→ WORK REQUIRED
In the records below, repeat word for word only the lines starting at the one that contains "内モンゴル・ハンガン鉱山産の" and ending at the one that contains "AVIS Nous avons", pictures excluded.

┄┄┄┄┄┄┄┄┄┄┄┄┄┄┄┄┄┄┄┄

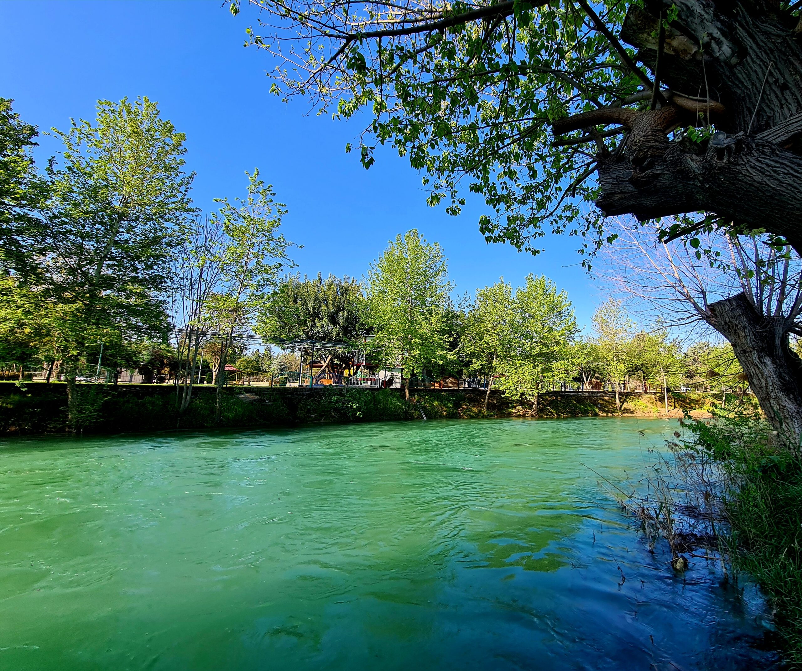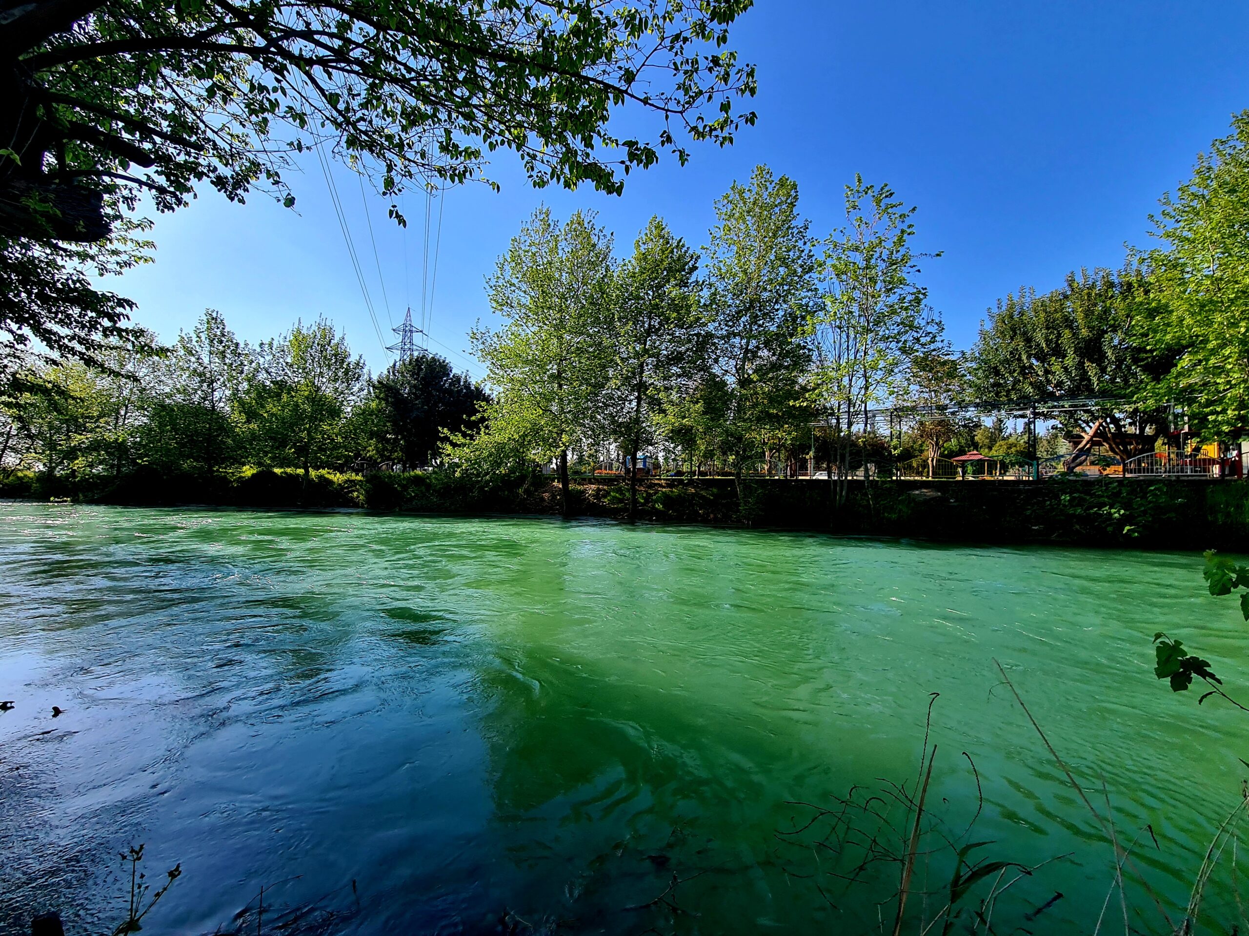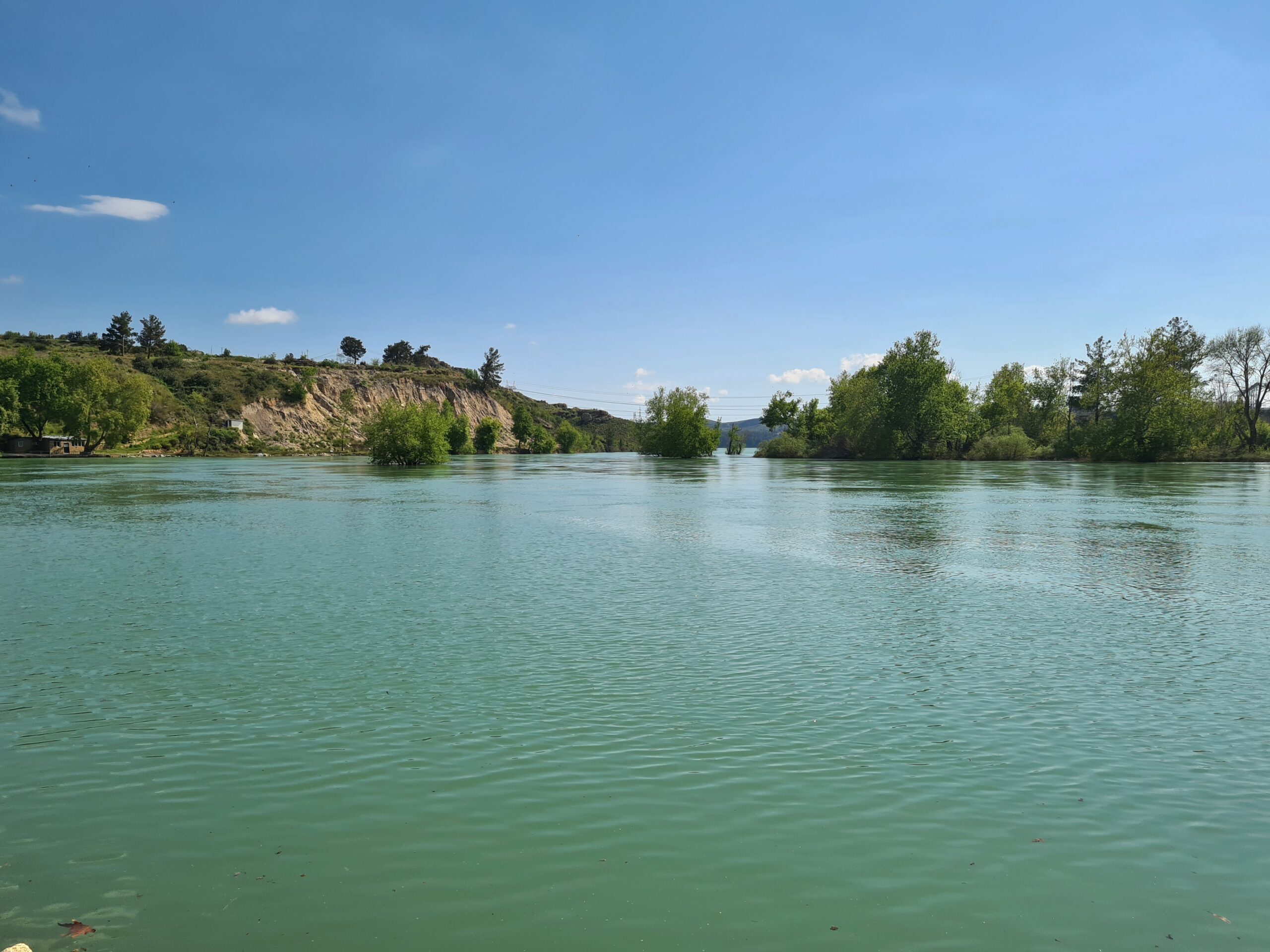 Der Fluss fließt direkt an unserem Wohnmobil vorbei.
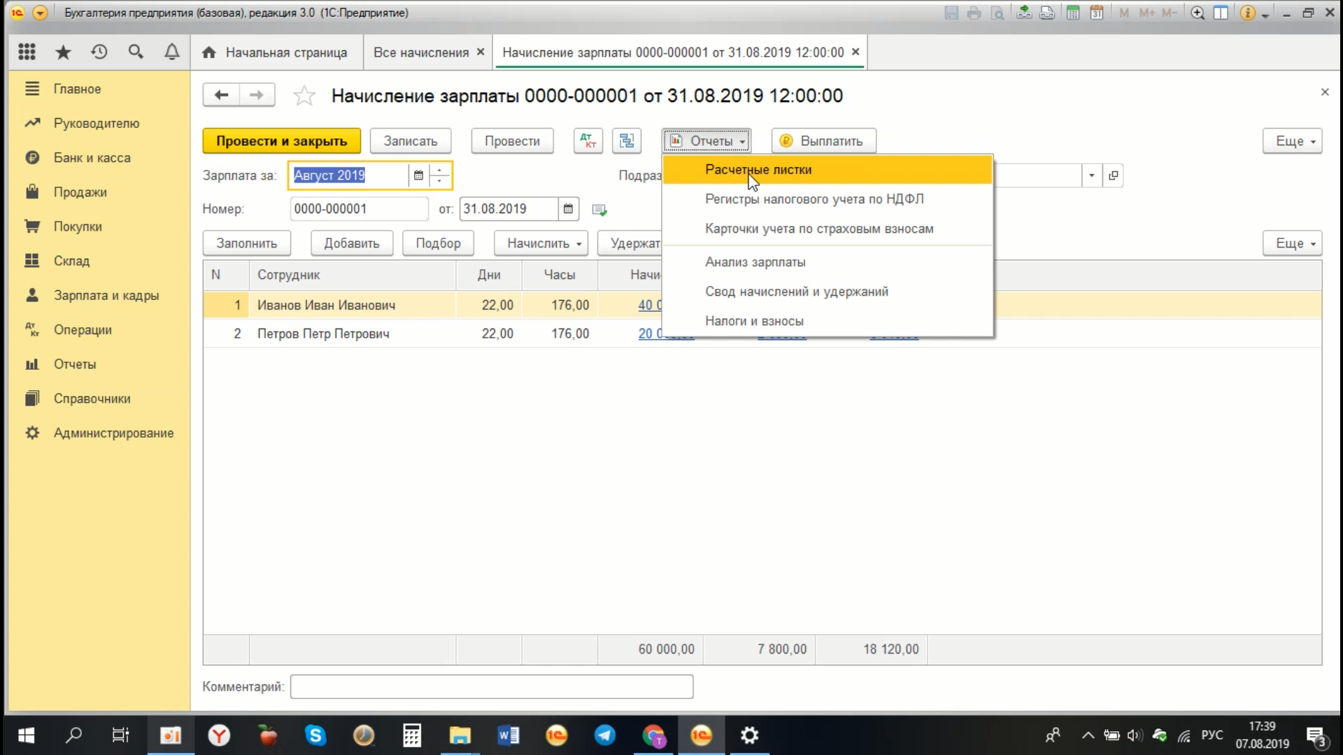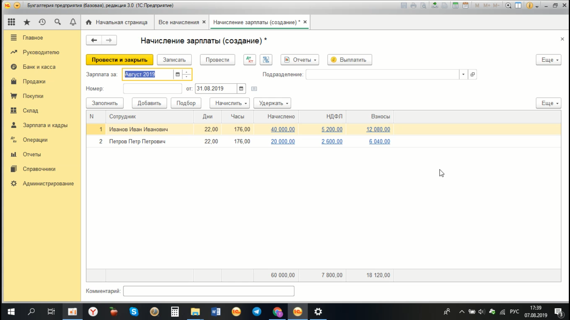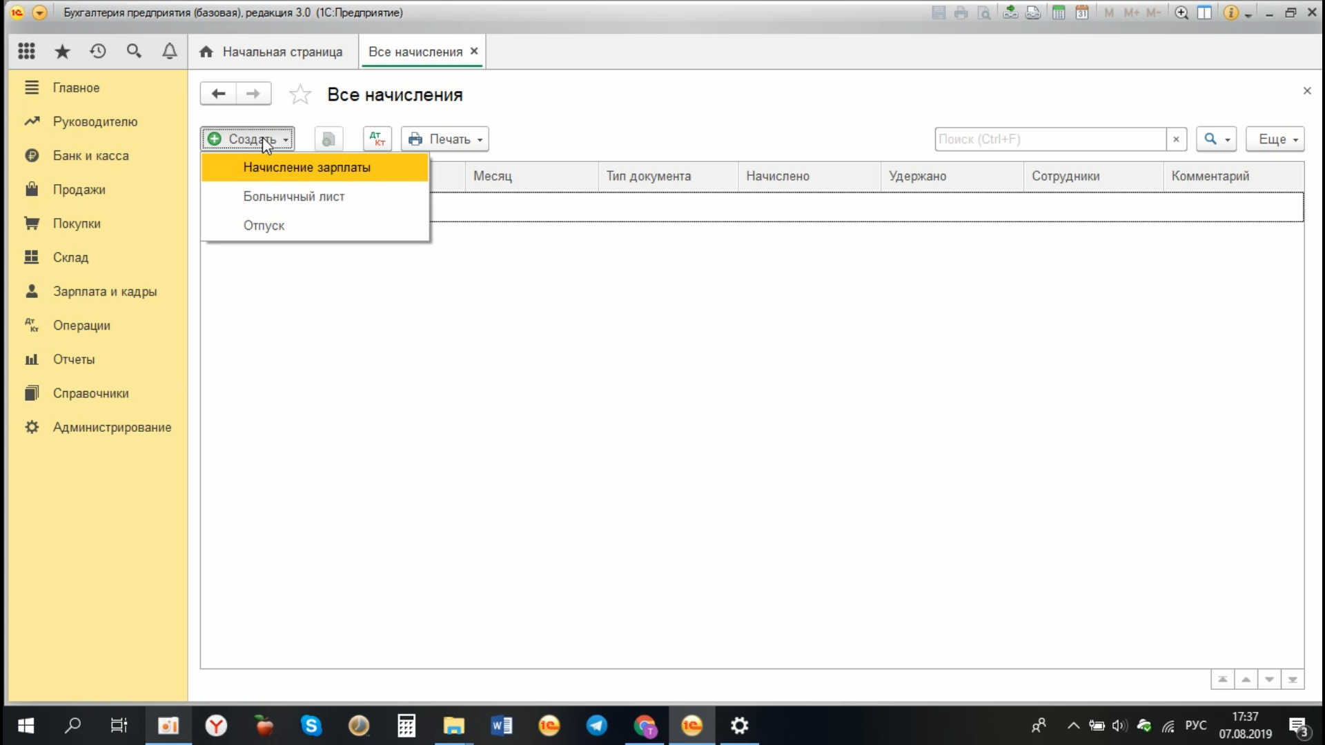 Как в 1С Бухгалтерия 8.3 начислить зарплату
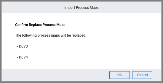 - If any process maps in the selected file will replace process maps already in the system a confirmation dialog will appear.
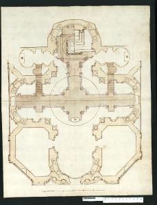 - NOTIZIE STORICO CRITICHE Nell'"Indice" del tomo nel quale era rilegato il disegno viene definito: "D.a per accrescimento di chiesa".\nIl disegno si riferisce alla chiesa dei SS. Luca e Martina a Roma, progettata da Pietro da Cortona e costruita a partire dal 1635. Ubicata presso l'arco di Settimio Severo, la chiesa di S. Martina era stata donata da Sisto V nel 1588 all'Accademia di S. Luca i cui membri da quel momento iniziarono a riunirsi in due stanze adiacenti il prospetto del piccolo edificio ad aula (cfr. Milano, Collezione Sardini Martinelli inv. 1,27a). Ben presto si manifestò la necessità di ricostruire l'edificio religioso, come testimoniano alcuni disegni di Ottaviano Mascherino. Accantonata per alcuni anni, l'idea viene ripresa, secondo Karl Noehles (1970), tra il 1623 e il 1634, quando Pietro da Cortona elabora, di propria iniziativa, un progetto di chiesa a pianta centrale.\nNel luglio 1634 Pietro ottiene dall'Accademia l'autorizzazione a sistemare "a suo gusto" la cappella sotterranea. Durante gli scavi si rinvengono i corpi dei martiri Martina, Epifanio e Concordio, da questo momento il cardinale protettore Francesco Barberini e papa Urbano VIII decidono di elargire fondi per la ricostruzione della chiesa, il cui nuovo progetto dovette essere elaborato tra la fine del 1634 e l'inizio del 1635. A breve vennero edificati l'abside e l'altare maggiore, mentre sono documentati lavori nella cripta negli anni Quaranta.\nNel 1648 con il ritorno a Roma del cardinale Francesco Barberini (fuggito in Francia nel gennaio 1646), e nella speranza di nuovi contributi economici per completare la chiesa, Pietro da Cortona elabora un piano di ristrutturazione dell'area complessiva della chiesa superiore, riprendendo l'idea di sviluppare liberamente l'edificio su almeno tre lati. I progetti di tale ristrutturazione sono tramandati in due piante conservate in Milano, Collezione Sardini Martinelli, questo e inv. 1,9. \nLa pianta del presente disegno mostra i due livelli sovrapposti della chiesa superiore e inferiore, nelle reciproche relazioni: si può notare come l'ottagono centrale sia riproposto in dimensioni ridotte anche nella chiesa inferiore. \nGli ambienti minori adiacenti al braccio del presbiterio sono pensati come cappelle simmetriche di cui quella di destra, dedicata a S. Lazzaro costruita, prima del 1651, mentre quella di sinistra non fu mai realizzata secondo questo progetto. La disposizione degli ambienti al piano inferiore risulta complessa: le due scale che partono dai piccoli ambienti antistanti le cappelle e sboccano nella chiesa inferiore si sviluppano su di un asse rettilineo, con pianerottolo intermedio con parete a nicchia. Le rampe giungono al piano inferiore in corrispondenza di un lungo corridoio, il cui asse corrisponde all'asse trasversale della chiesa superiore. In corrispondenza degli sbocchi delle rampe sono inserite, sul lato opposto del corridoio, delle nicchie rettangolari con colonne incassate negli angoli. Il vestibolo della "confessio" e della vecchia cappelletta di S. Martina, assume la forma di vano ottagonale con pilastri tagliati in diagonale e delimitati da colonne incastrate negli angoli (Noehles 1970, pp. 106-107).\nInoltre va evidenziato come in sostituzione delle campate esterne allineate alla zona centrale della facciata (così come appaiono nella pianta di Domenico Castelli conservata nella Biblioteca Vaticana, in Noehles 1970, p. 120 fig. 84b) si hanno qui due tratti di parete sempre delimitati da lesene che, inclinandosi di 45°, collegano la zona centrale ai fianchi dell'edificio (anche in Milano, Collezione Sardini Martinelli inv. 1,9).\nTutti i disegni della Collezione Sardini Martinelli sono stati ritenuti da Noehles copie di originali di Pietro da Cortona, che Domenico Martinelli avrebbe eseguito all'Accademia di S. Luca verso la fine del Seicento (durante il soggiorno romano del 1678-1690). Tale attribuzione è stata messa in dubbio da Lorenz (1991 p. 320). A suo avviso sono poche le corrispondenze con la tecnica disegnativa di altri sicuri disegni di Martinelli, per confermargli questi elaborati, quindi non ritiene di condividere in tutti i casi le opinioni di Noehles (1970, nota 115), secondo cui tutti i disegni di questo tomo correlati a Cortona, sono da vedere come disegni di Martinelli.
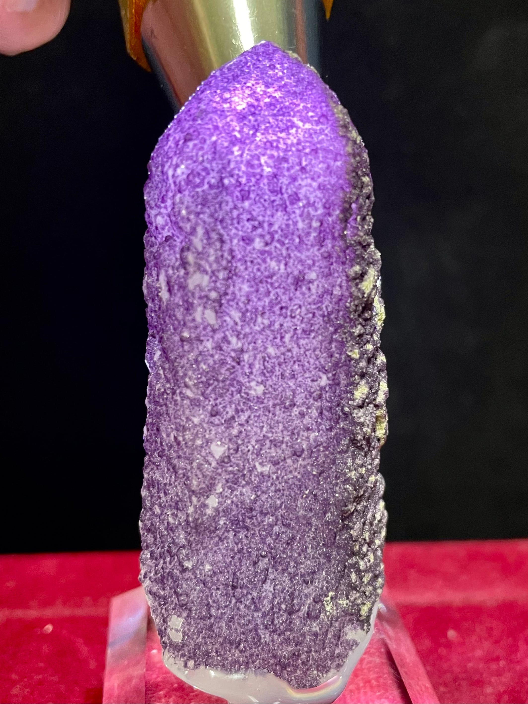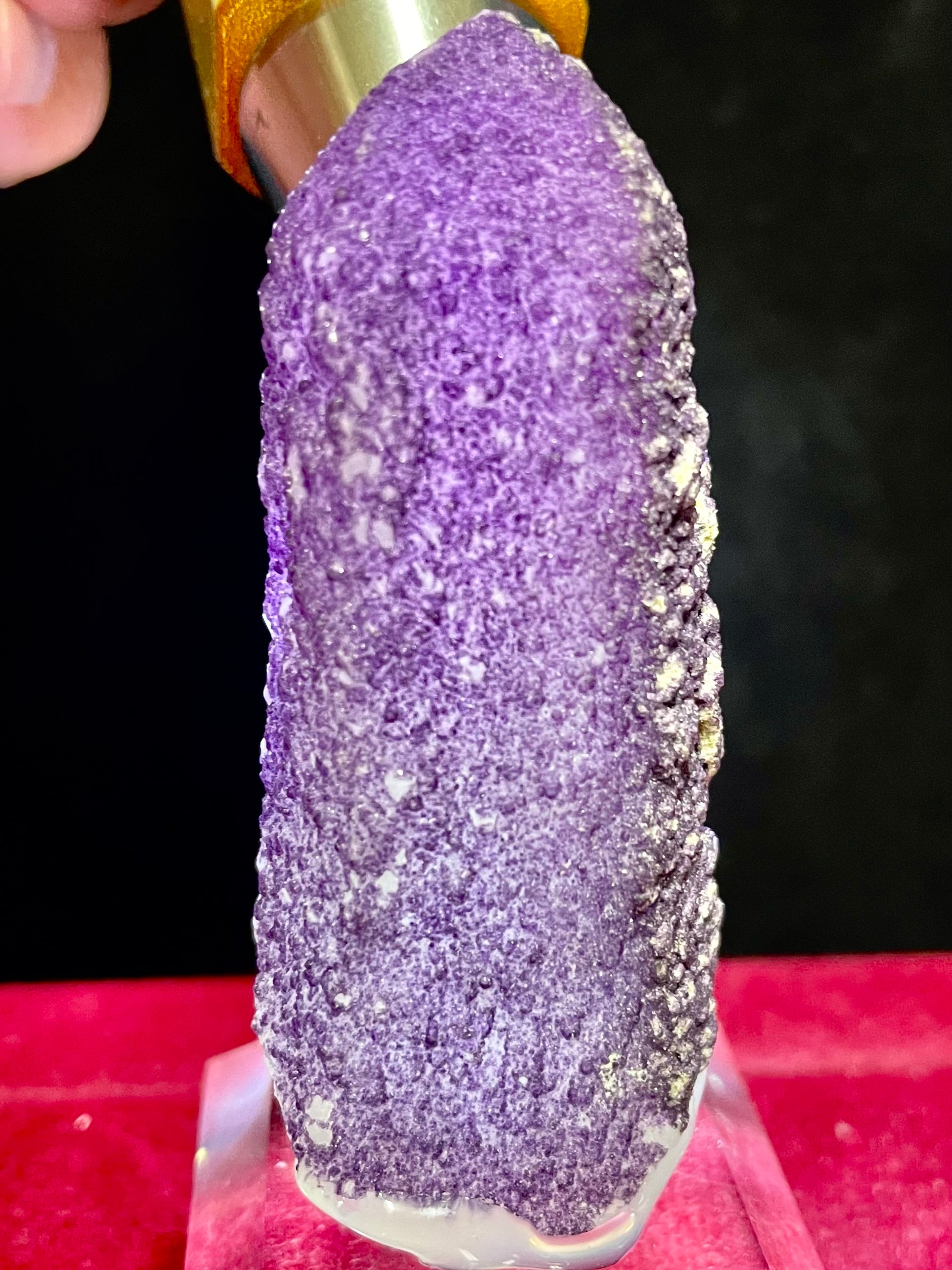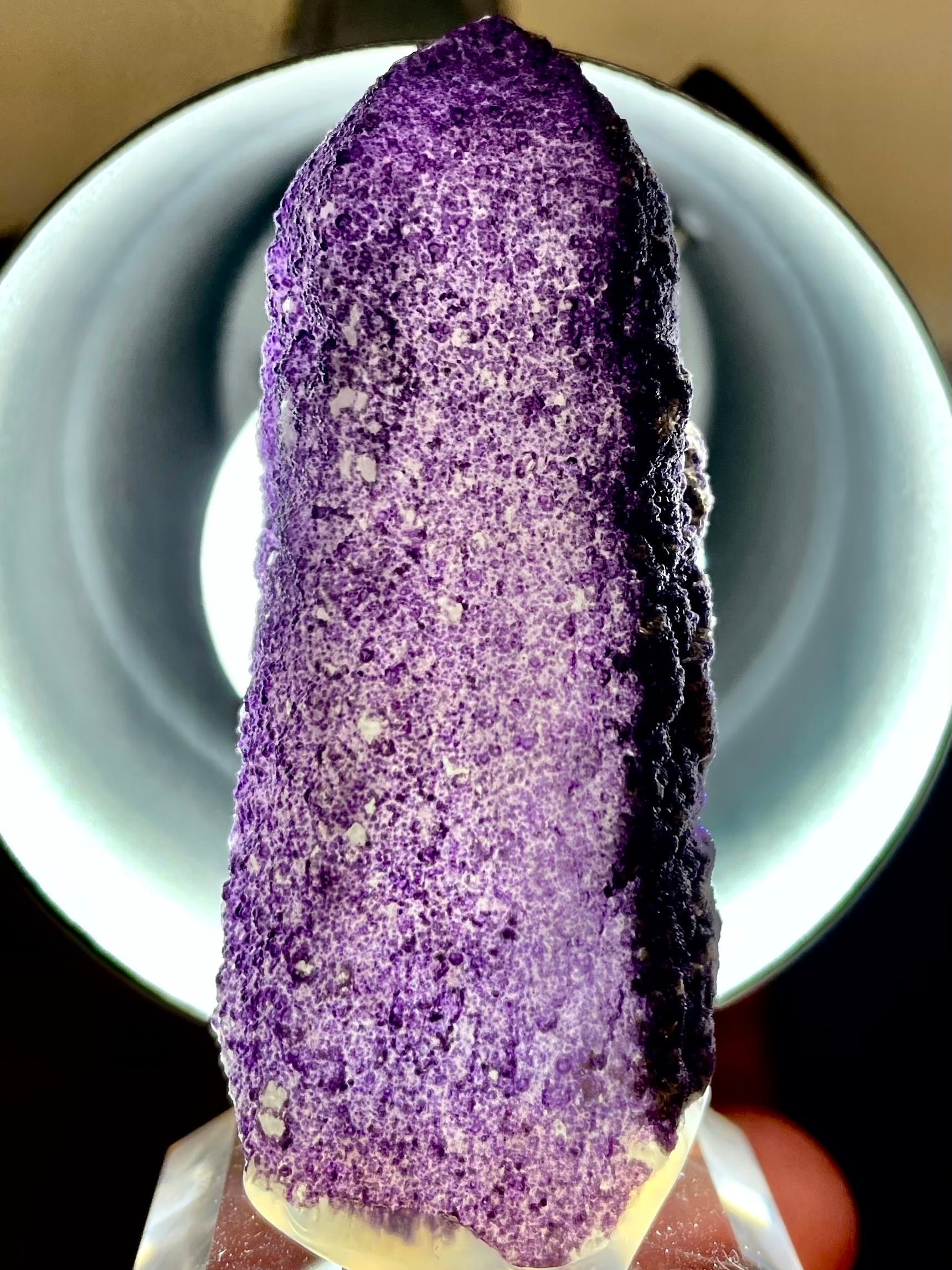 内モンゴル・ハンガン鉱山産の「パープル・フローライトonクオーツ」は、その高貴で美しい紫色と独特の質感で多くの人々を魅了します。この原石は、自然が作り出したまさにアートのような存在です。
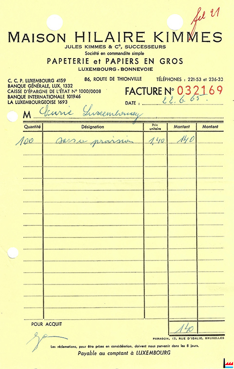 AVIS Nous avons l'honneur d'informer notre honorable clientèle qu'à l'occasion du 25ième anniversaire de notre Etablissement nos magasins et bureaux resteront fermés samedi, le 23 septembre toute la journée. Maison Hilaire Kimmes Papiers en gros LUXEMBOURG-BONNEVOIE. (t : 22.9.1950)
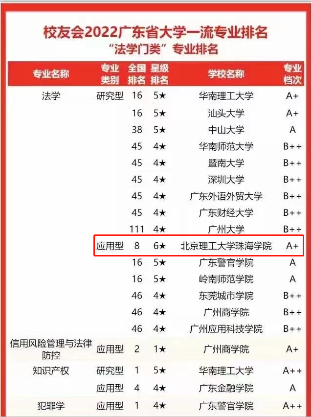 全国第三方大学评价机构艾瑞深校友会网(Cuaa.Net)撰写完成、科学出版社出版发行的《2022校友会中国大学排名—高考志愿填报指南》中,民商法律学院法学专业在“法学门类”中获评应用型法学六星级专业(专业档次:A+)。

┄┄┄┄┄┄┄┄┄┄┄┄┄┄┄┄┄┄┄┄

→ ANSWER BOX
 内モンゴル・ハンガン鉱山産の「パープル・フローライトonクオーツ」は、その高貴で美しい紫色と独特の質感で多くの人々を魅了します。この原石は、自然が作り出したまさにアートのような存在です。
 AVIS Nous avons l'honneur d'informer notre honorable clientèle qu'à l'occasion du 25ième anniversaire de notre Etablissement nos magasins et bureaux resteront fermés samedi, le 23 septembre toute la journée. Maison Hilaire Kimmes Papiers en gros LUXEMBOURG-BONNEVOIE. (t : 22.9.1950)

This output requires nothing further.